-- TASK ITEM --
What are the lines from the one with "Мебель выполнена в" through the end of the records below, written out exactly and without the pictures?

── RECORDS TO PROCESS ──

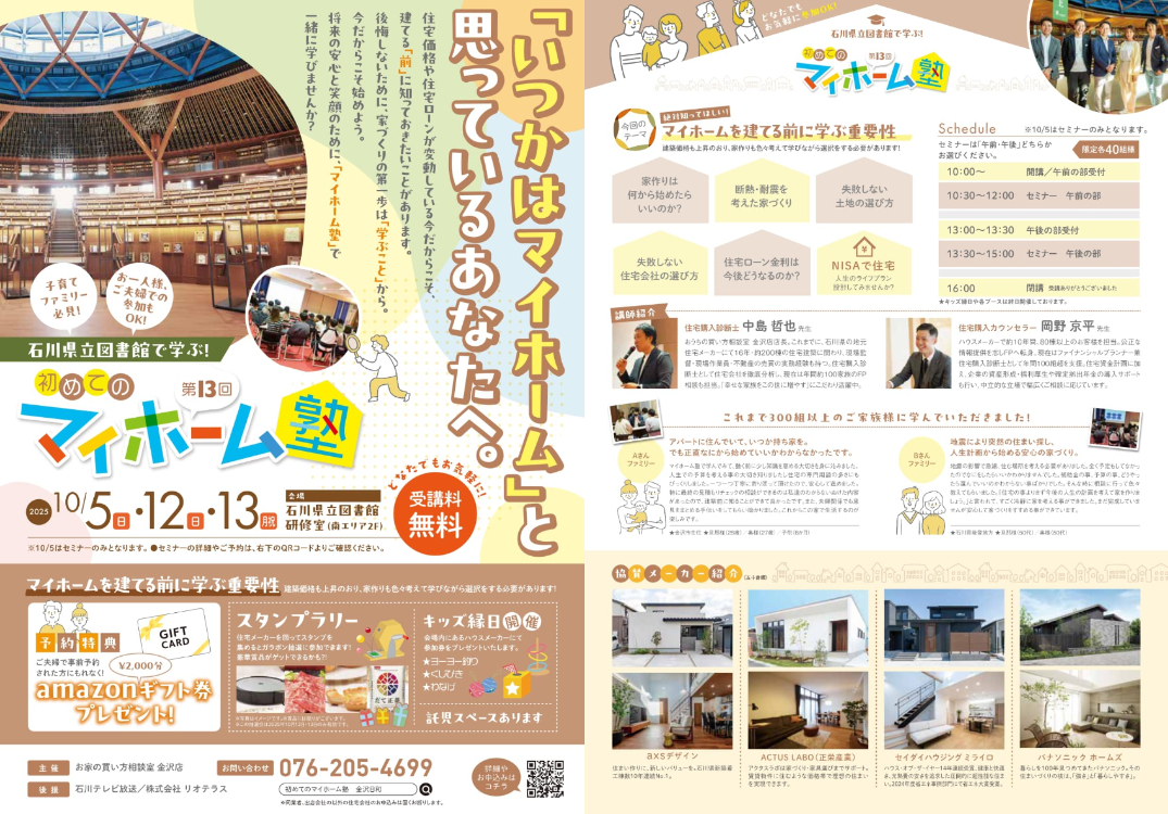 住宅価格が高騰する今こそ、賢く、楽しく学びたい。マイホームを考えているすべての人に向けて、建てる「前」に知っておきたい大切なことを学べる「はじめてのマイホーム塾」。毎回好評のイベントが、10月12日(日)・13日(月・祝)に石川県立図書館にて開催される。これまでに300組以上が参加し、「資金の見通しが立てやすくなった」「不安がワクワクに変わった」といった声が寄せられる人気イベントだ。
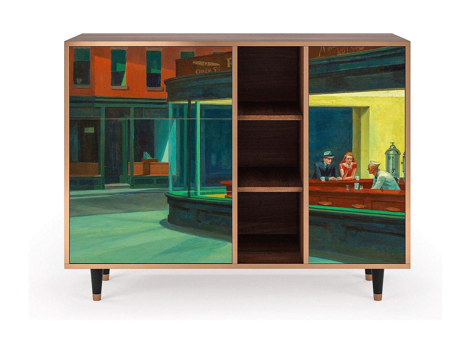 Dressoir - 125x98x48 cm - BS2 - Nighthawks by Hopper, Walnoot
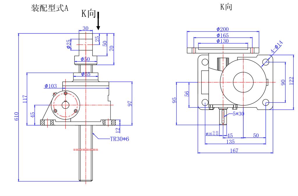 蝸輪絲桿升降機(jī)CAD外形圖SWL2.5M-1A-IV-400-F-魯?shù)聜鲃?/h1>
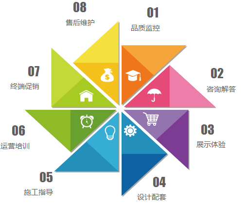 三、提升品牌附加值。這些新價(jià)值包括品質(zhì)監(jiān)控、咨詢(xún)解答、展示體驗(yàn)、設(shè)計(jì)配套、施工指導(dǎo)、運(yùn)營(yíng)培訓(xùn)、終端促銷(xiāo)、售后維護(hù)等等,涵蓋了消費(fèi)者接觸品牌到落地實(shí)用的整個(gè)過(guò)程中。
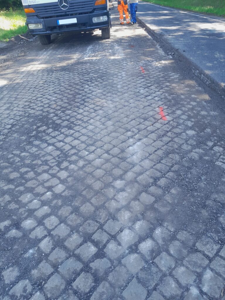 Aktuell bauen wir auf der B96 zwischen Mittelherwigsdorf und Oderwitz hochwertiges Bestands-Granit-Kleinpflaster aus – insgesamt ca. 3.000 Tonnen! Ideal für Hofeinfahrten, Wege oder andere Naturstein-Projekte.
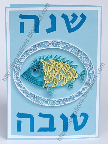 Greeting cards with paper quilling for the Jewish New Year — the third and the last part. Previous parts: Rosh Hashanah cards with quilled pomegranates and greeting cards with quilled apples. Honey and apples to make the new year sweet, pomegranates and fish have several meanings in Judaism. I'm not going to tell you about symbolic foods, I just want to with you "Shana Tova Umetukah" — a good and sweet year!
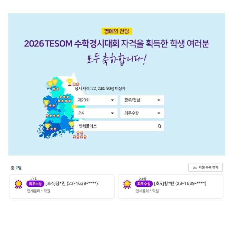 안녕하세요^^ 연세플러스 학원입니다.!! 우리아이들이 도전한 테솜시험, 그리고 그 도전을 통해 더욱 성장한 친구들을 학부모님들께 기쁘게 소개합니다^^ 먼저, 많은 분들이 궁금해하시는 테솜시험! 어떤 시험인지부터 알아볼까요? 테솜시험이란 무엇인가요? 테솜(Test-SOM) 은 학생들의 사고력·추론능력·문해력·수리적 사고를 종합적으로 평가하는 전국 규모 사고력 경시대회입니다. 단순한 암기형 문제가 아니라, 주어진 정보를 스스로 분석하고 새로운 관점으로 접근해보고 논리적 사고로 해결해야 하는 ‘진짜 사고력’을 기르는 문제들로 구성되어 있습니다. 이 때문에 매년 많은 학부모님들께서 아이들의 사고력 향상과 성장을 위해 선....... <img src="https://blogthumb.pstatic.net/MjAyNTEyMTJfMzQg/MDAxNzY1NTExMTY1MTA5.d9csUwg7yyyp6Mp-uuRkCn9Jonez_lyPBHVRm9Y4Aeog.qcrjLmYu1IT5wNoT6TivoqTLT8oxXGsy41liSGouL3wg.JPEG/%C5%D7%BC%D8_%B8%ED%BF%B9%C0%C7_%C0%FC%B4%E7.jpg?type=s3" />
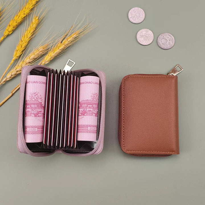 Fashion Organ Card Space Bag Multi-Card Space Card Page Women's Card Men's Card Clip Zipper Card Holder Credit Card Bag PU Leather
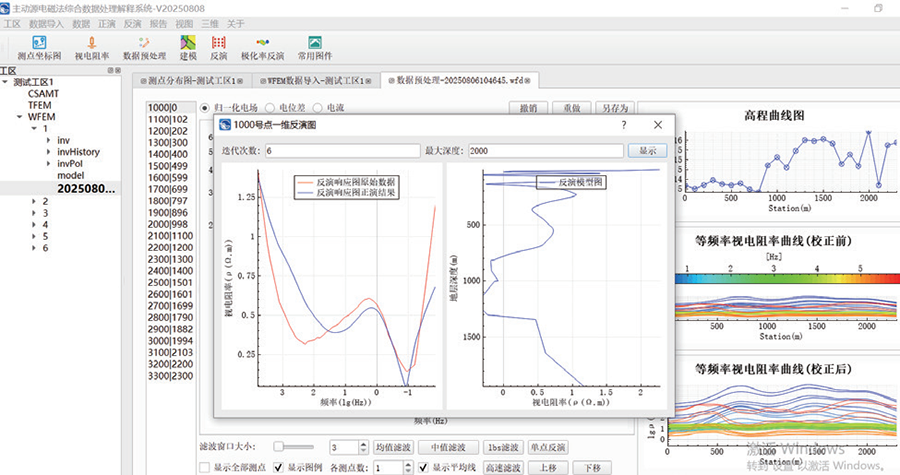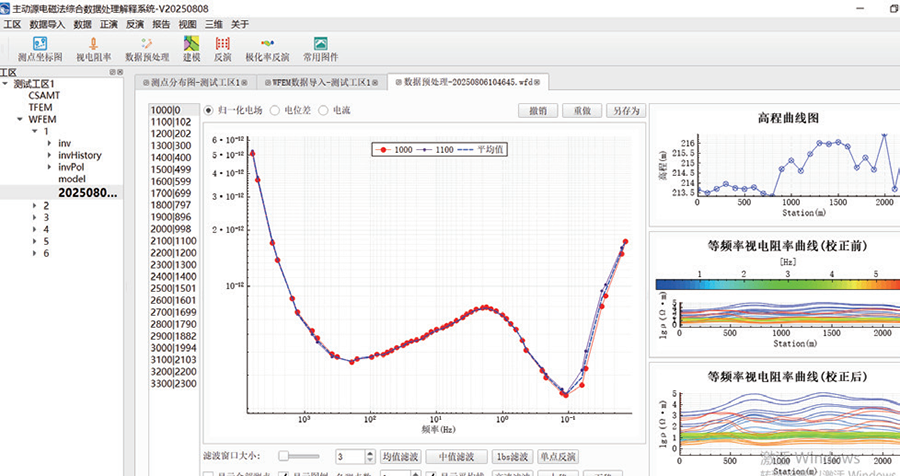 2、數(shù)據(jù)預(yù)處理:能夠?qū)?shù)據(jù)直接拖動,濾波,單點(diǎn)反演等功能。
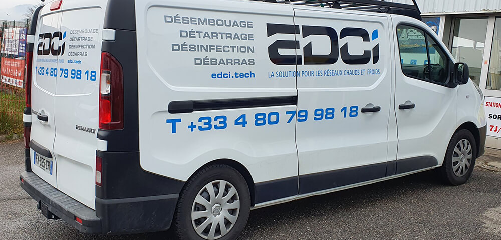 Réalisation d’un covering partiel sur les véhicules de cette nouvelle société spécialisée dans l’installation et l’entretien des réseaux chauds et froids. Décors fournis par l’entreprise.
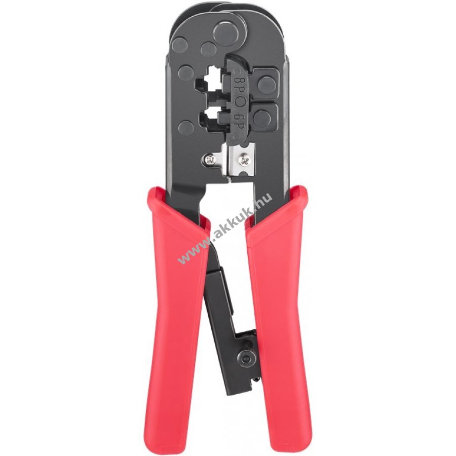 Crimpfogó árnyékolt és árnyékolatlan RJ45 hálózati kábelekhez és RJ11 vagy RJ12 telefonkábelekhez.
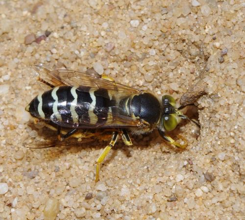 Auch die Kreiselwespe (Bembix rostrata) wandert wieder in die Sandbiotope ein. Zu Beginn des Projektes SandAchse Franken im Jahr 2000 gab es laut dem Insektenexperten Andreas Niedling vom Landschaftspflegeverband Forchheim nur zwei Fundorte der Art in Erlangen und bei Bamberg. Heute kommt sie fast überall auf Lockersanden vor, wo sie ihre Brutröhren in den Sand gräbt. Sie ist gefährdet durch Insektizide und durch den Einsatz von zu viel (Kunst-) Dünger, was zum Zuwachsen offener Sande führt.
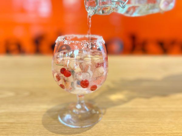 青りんごのソーダを注いでいくと...キラキラと輝くゼリーやフルーツが舞い、まるでスノードームのよう。
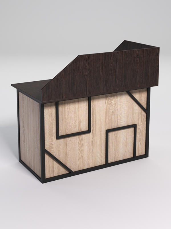 Мебель выполнена в стиле лофт. Фронтальная часть оснащена металлическими декоративными конструкциями, которые составляют оригинальный узор, напоминающий два квадрата и два треугольника. Стиль лофт подходит для различных стилей интерьера и может быть использована как в коммерческих, так и в жилых помещениях.
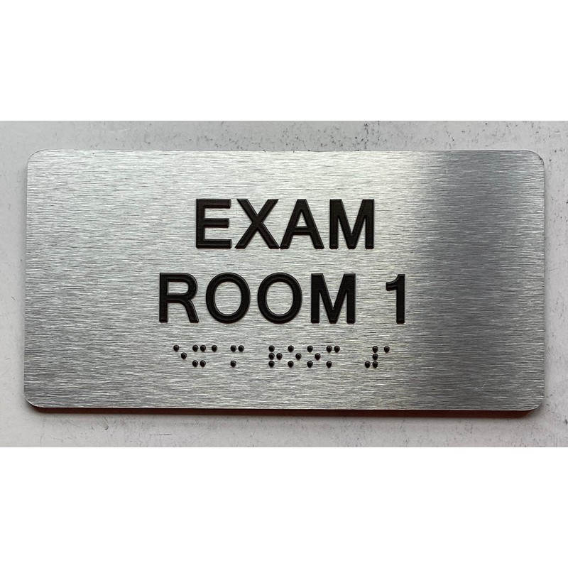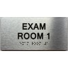 EXAM ROOM signS with Raised letters/Image & Grade 2 Braille - Includes Red Adhesive pad for Easy Installation (4" W x 8" H,Brushed Aluminum/silver) - The park Ave Line (EXAM ROOM 1)

───

-- FINAL ANSWER --
 Мебель выполнена в стиле лофт. Фронтальная часть оснащена металлическими декоративными конструкциями, которые составляют оригинальный узор, напоминающий два квадрата и два треугольника. Стиль лофт подходит для различных стилей интерьера и может быть использована как в коммерческих, так и в жилых помещениях.
 EXAM ROOM signS with Raised letters/Image & Grade 2 Braille - Includes Red Adhesive pad for Easy Installation (4" W x 8" H,Brushed Aluminum/silver) - The park Ave Line (EXAM ROOM 1)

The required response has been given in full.